Trka J, Zuna J, Haskovec C, Brabencová A, Kalinová M, Muzíková K, Paukertová R, Hrusák O, Zemanová Z, Michalová K, Starý J
II. dĕtská klinika 2. LF UK, Praha.
Cas Lek Cesk. 1999 Jan 4;138(1):12-7.
The BCR/ABL and MLL/AF4 fusion genes--resulting from t(9;22)(q34;q11) and t(4;11)(q21;q23) translocations, respectively--are considered as a high risk prognostic factors in children with acute lymphoblastic leukaemia (ALL). Their presence in malignant cells indicates patient for the most intensive antileukaemic therapy regardless of the other criteria. In contrast, the most common non-random chromosomal aberration in paediatric ALL--translocation t(12;21)(q12;q22)--is associated with a favourable prognosis. The examination of these rearrangements is important for the stratification of patients to the risk groups and also provides the most sensitive and specific tool for minimal residual disease (MRD) follow-up.
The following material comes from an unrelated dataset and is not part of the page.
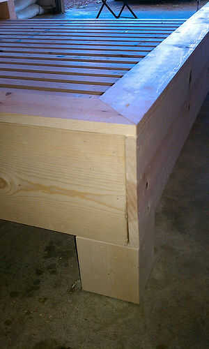 Tan bonito como las patas de 4 x 4, necesitará hacer incluso con la moldura. Así que lo que hice fue cortar algunos pedazos de desecho 1 x 6 a 1/4" a menos de la altura de la pierna. Esto permite cierto margen para que el 4 x 4 todavía apoya la cama y no su madera colocado arbitrariamente. Y es lo suficientemente largos que parece que es su reposo. De todos modos, pegue y clave estas piezas en. Sólo que las esquinas exteriores e inglete el borde, para que sea tan limpio como podría hacer que se vea.

This study comprises 241 patients with ALL from Czech and Slovak Republics younger than 18 years at diagnosis. They were examined for presence of m-RNA of fusion genes BCR/ABL, MLL/AF4 and TEL/AML1 by reverse transcriptase-polymerase chain reaction (RT-PCR) method. Seven out of 197 (3.6%) carried MLL/AF4 fusion gene, but among infants it was 56% (5 out of 9). BCR/ABL positivity was found in 2.5% (7 out of 240) and TEL/AML1 in 21.7% (41 out of 189) cases. Event free survival (EFS) curves demonstrate the clinical impact of these hybrid genes on patients' prognosis. Moreover, we present the possibility of the monitoring of MRD levels in follow-up samples of these patients.
All particular rearrangements were found only in a cohort of patients with B-precursor ALL (or hybrid leukaemia), which constitutes 85% of our group. Presence of BCR/ABL or MLL/AF4 fusion gene is associated with poor prognosis and is indispensable condition for correct stratification of patients to the risk groups according to treatment protocols. Hybrid gene TEL/AML1 defines subgroup of children with better prognosis and due to its high frequency provides us with a very useful tool for MRD detection.
BCR/ABL和MLL/AF4融合基因分别由t(9;22)(q34;q11)和t(4;11)(q21;q23)易位产生,被认为是急性淋巴细胞白血病(ALL)患儿的高危预后因素。它们在恶性细胞中的存在表明患者无论其他标准如何都需要接受最强化的抗白血病治疗。相比之下,小儿ALL中最常见的非随机染色体畸变——t(12;21)(q12;q22)易位——与良好的预后相关。检测这些重排对于将患者分层到风险组很重要,并且还为微小残留病(MRD)随访提供了最敏感和特异的工具。
本研究包括241例来自捷克和斯洛伐克共和国的诊断时年龄小于18岁的ALL患者。通过逆转录聚合酶链反应(RT-PCR)方法检测他们是否存在融合基因BCR/ABL、MLL/AF4和TEL/AML1的mRNA。197例中有7例(3.6%)携带MLL/AF4融合基因,但在婴儿中这一比例为56%(9例中有5例)。BCR/ABL阳性在2.5%(240例中有7例)的病例中被发现,TEL/AML1在21.7%(189例中有41例)的病例中被发现。无事件生存期(EFS)曲线显示了这些融合基因对患者预后的临床影响。此外,我们展示了监测这些患者随访样本中MRD水平的可能性。
所有特定重排仅在B前体ALL(或混合白血病)患者队列中被发现,该队列占我们研究组的85%。BCR/ABL或MLL/AF4融合基因的存在与不良预后相关,并且是根据治疗方案将患者正确分层到风险组的必要条件。融合基因TEL/AML1定义了预后较好的儿童亚组,由于其高频率为我们提供了一个非常有用的MRD检测工具。